New Zero-Power Carbon Interconnect Could Tap Electron Spin to Power Up Battery-Based Devices

In order to satisfy the Air Force’s requirements to create tech devices that need the least charging in the field, researchers at the University of Texas at San Antonio (UTSA) are employing principles in quantum science and engineering to develop a graphene-based logic device.

UTSA Assistant Professor Ethan Ahn and a multi-university team will develop a nanomaterial graphene-based logic device that with spintronics will permit devices such as cell phones to operate almost without batteries. (Image credit: UTSA)

This innovative technology will optimize the energy efficiency of battery-based devices ranging from computers to cell phones.

We are developing devices that can operate almost battery-less,” stated Ethan Ahn, UTSA assistant professor in electrical engineering.

Engineers at UTSA are employing spintronics, the study of the spin of an electron, which is an inherent quantum mechanical property, to enable low-power operation with a probable application in quantum computing.

An electron is a little, but very strong magnet. Just imagine that an electron spins on its own axis, either up or down.

Ethan Ahn, Assistant Professor in Electrical Engineering, UTSA

The electronic charge of electrons is used by conventional tech devices for power. In the field of spintronics, scientists tap the inherent spin of electrons as a new source of power. This new strategy will reduce the number of electrons required by the devices to operate.

Nevertheless, there are challenges in tapping the power of spin. In quantum computing that involves tapping the spin of electrons to transfer information, the hurdle for researchers is to find ways to capture spin as efficiently as possible.

If you have 100 electrons injected to the channel to power the next logic circuit, you may only get to use one or two spins because the injection efficiency is very low. This is 98 percent spin lost.

Ethan Ahn, Assistant Professor in Electrical Engineering, UTSA

In order to eliminate the loss of spin, Ahn has come up with the new concept of the “zero-power carbon interconnect,” which involves using nanomaterials as both the tunnel barrier and the spin transport channel.

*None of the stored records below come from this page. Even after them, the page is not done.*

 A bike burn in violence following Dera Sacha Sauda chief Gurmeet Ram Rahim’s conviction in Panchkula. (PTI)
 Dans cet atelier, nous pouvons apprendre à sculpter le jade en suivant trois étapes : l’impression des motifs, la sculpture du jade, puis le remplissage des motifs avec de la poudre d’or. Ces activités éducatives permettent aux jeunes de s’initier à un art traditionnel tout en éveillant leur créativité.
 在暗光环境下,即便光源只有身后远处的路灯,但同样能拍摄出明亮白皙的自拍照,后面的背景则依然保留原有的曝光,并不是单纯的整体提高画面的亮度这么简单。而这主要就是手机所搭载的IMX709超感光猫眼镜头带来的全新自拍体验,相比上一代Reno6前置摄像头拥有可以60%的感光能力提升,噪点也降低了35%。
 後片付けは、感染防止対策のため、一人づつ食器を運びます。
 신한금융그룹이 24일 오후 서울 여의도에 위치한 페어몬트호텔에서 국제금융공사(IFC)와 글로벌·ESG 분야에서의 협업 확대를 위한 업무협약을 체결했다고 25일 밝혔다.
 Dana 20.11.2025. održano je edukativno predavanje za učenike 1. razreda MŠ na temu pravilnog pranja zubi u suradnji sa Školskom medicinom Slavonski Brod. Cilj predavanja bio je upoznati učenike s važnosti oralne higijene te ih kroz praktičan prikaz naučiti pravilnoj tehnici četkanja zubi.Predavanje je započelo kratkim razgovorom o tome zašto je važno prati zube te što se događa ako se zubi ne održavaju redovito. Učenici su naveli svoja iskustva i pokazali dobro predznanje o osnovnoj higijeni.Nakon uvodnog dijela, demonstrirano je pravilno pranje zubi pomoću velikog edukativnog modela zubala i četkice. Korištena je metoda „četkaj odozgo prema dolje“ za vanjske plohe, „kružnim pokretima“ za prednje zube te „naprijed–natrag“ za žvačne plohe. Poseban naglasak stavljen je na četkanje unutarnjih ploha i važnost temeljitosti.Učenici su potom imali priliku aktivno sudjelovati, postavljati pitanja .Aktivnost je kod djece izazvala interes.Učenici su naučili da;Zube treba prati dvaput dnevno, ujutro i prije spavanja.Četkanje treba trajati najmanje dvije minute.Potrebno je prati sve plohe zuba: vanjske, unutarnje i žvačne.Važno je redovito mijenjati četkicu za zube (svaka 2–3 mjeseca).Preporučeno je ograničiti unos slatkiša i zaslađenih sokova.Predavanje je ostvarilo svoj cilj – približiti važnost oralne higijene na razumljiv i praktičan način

These nanomaterials are similar to a sheet of paper, a 2D layer of carbon atoms with a thickness of just a few nanometers, and it is the point of contact at which spin injection is input into the device. The prototype developed by Ahn is an interconnect developed with a reduced graphene oxide layer.

It’s novel because we are using graphene, a nanomaterial, to enhance spin injection. By controlling the amount of oxide on the graphene layers, we can fine tune electrons’ conductivity,” stated Ahn.

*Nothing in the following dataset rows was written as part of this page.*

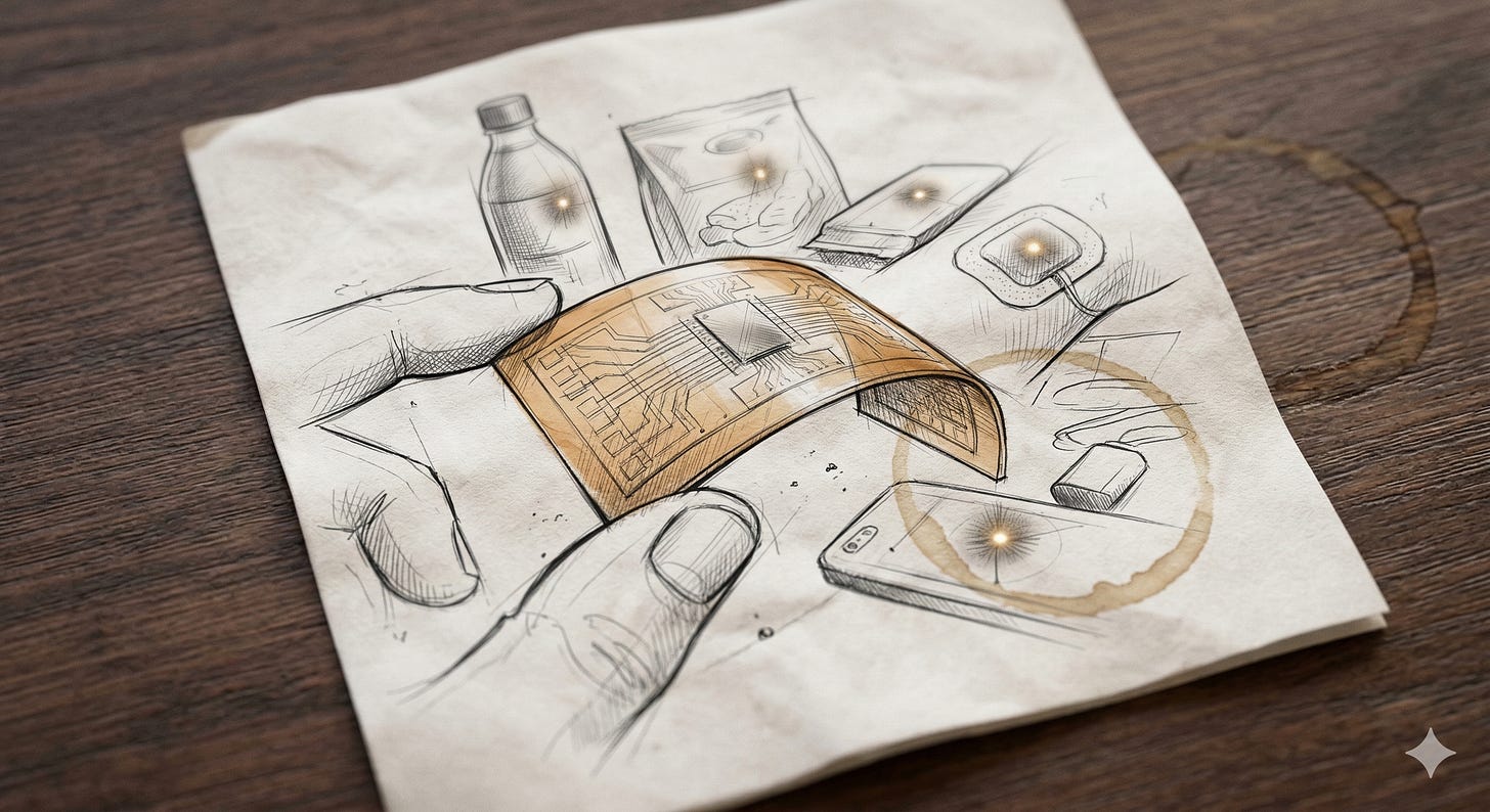But what about the other direction? Not faster chips for data centres, but cheaper chips for everything else. The vast majority of physical objects in the world — packaging, labels, agricultural products, wearable patches — have zero computational capability. The Internet of Things was supposed to change this. It largely hasn’t, because silicon chips are too expensive and too rigid for disposable, flexible, or ultra-low-cost applications.
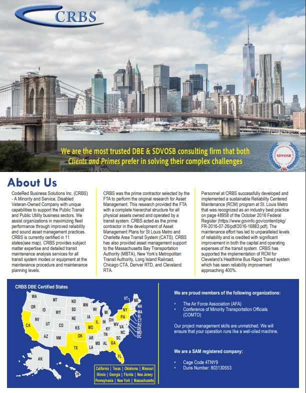 CodeRed Business Solutions Inc. (CRBS) works diligently and collaboratively with our customers to maximize efficiencies in operations and maintenance. We are ‘boots on the ground’ with many years of real-life experience managing operations and maintenance of transit systems. We are driven by analysis-based decision making to deliver excellence in service delivery to the public.
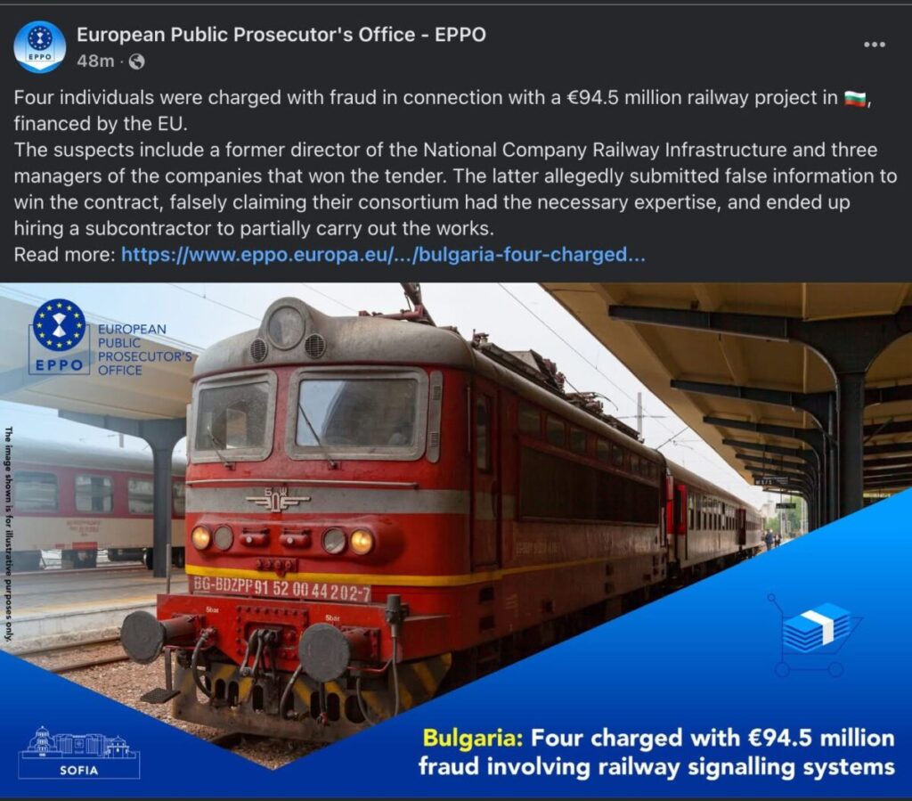 Според съобщението на Европейската прокуратура законните представители на дружествата, формирали консорциума, са представили невярна информация на НКЖИ, за да получат незаконно средства от ЕС.
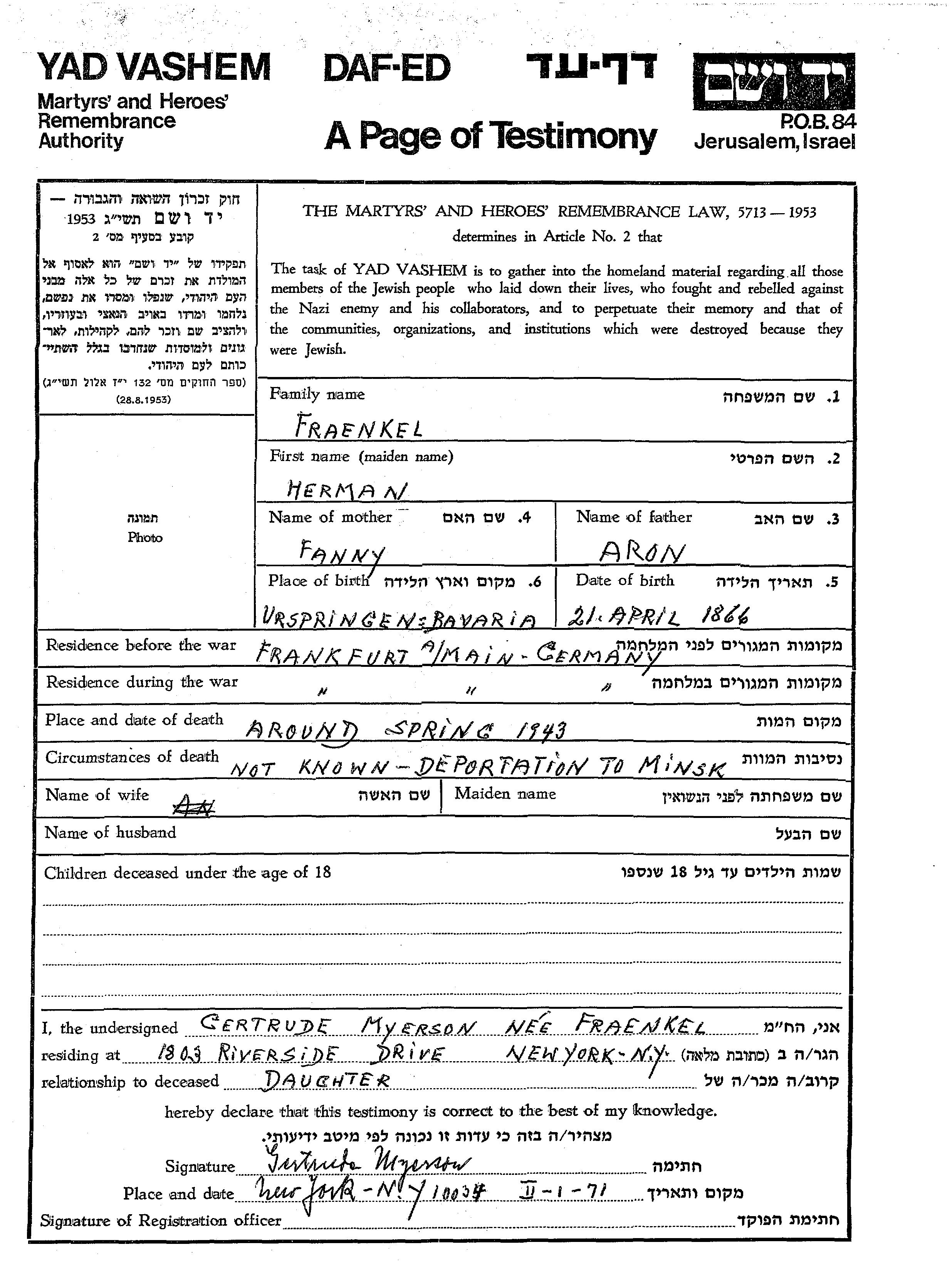 Fraenkel Herman 1866 Frankfurt am Main, Germany Page of Testimony

Graphene has gained considerable attention since it is the strongest nanomaterial in the world. Indeed, the graphene conductivity at room temperature is greater compared to that of any other known material.

If successful, the zero-power carbon interconnect that is being developed by Ahn together with his collaborators at UT-Austin and Michigan State University would be incorporated into the logic component of a computer chip.

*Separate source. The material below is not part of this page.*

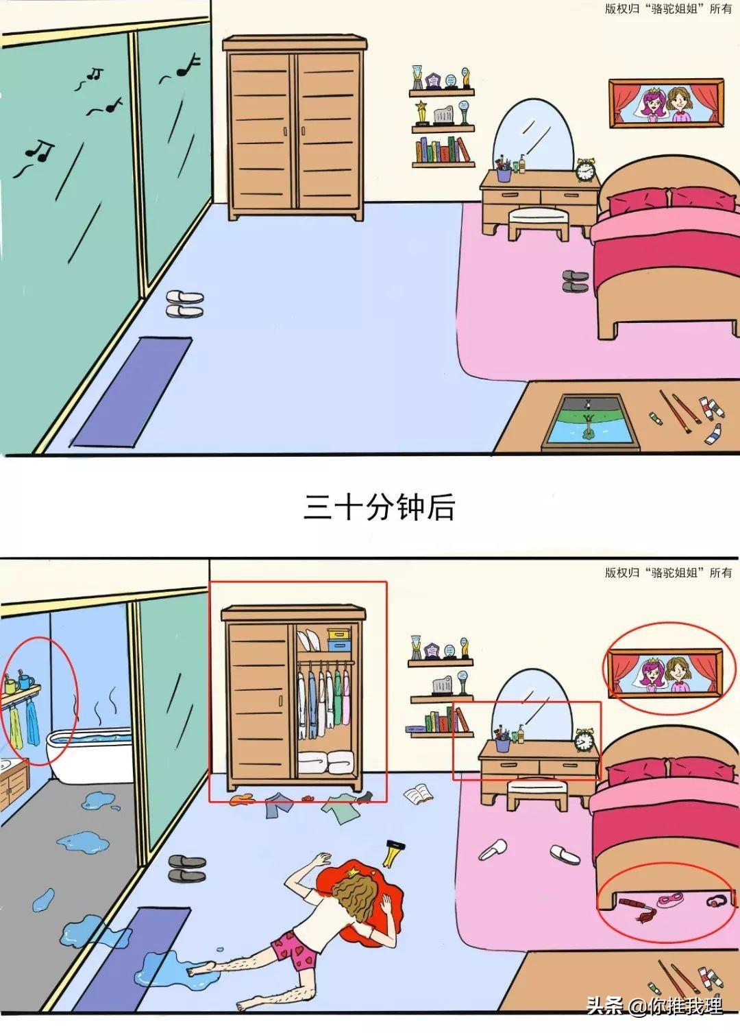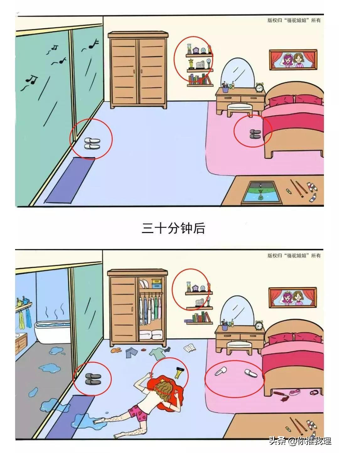1.案发前厕所外的鞋子是白色的,床下的鞋子是黑色的,而案发后鞋子的颜色却相反了!正常小偷不会无缘无故花时间去把鞋子的颜色换过来,也不可能是死者洗完澡穿着白鞋走到床边,再把黑鞋放到厕所旁那么多此一举,应该是死者洗完澡出来,穿白鞋走到床边,凶手突然袭击,死者晕倒(或已死亡)黑鞋和白鞋混淆,凶手为了营造死者在洗完澡不小心滑倒摔到地上的假象,随手把黑鞋放到厕所外。

Once it is created, the device will be presented to the U.S. Air Force Office of Scientific Research, which has supported UTSA’s study with a three-year grant.

The military needs smaller devices that can operate in remote fields without need to recharge batteries. If our zero-power carbon interconnect is successful, it will improve the efficiency of graphene spintronics—a crucial step in advancing the next generation of low-power electronics like quantum computing.

Ethan Ahn, Assistant Professor in Electrical Engineering, UTSA

This interconnect could also prove highly advantageous to the cloud computing industry. The Data Knowledge Center reports that on-demand cloud computing platforms like the Amazon Web Services alone use up nearly 2% of the nation’s energy. If the zero-power carbon interconnect becomes successful, cloud servers such as those providing streaming services like Netflix or host data could run faster and using less electricity.